To clarify, these impurities will not compromise the quality nor the taste of the Stevia.
The Stevia RebA sold in our shop is grown in Tuscany, by Sant'Egle. Everything they do is 100% certified organic, vegan, following a biodynamic growth cycle. Their farm is also one of the most beautiful places you will ever visit.
How to use it? Well, being a sugar substitute has a number of applications. Coffee, tea, cakes, jam, shakes, anything you can think of. Be mindful in your baking though: sugar has a role in the volume not only in the taste.
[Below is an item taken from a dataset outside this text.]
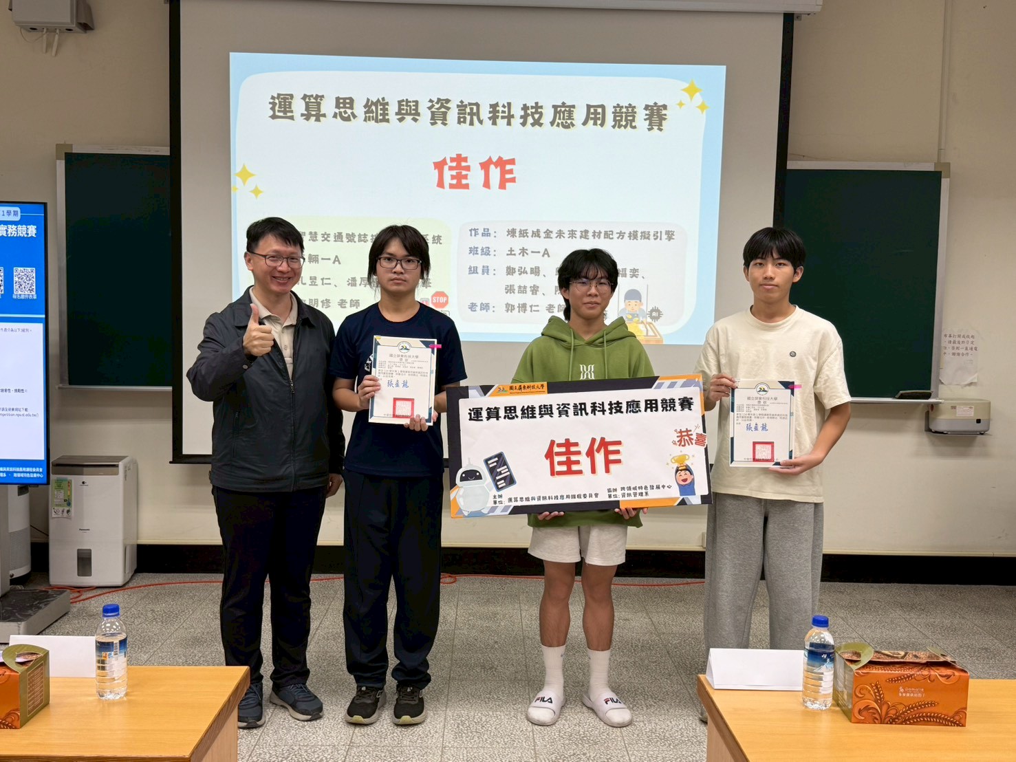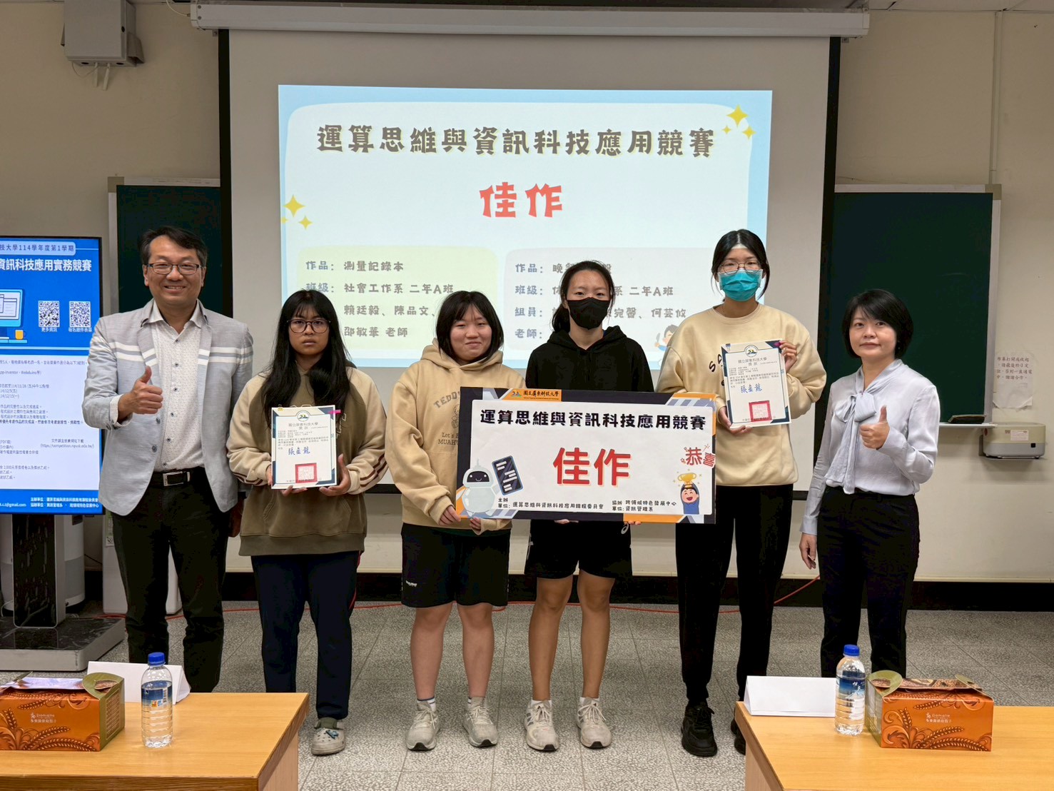 1.114學年第1學期運算思維與資訊科技應用實務競賽,共16組獲獎(含優等及佳作獎)。

Here's a quick and simple recipe for you.
Butter cookies with Stevia, thanks to our friend at Sant'Egle.
100g Butter at room temperature
90 drops of liquid Organic Stevia RebA
10 drops of organic liquid Vanilla
Mix the butter with the stevia. Add the egg, flour, vanilla and lemon zest (also a little bit of water if the dough is too thick). Rest in the fridge for 30 minutes.
Remove from the fridge, then roll the dough flat, 1.5/2cm thick. Cut with your favourite cookie shape.
Place on a baking paper, then bake in the oven at 200°C for 15 minutes, or till brown.
Enjoy with a cup of tea and some Sant'Egle Stevia Apricot Jam.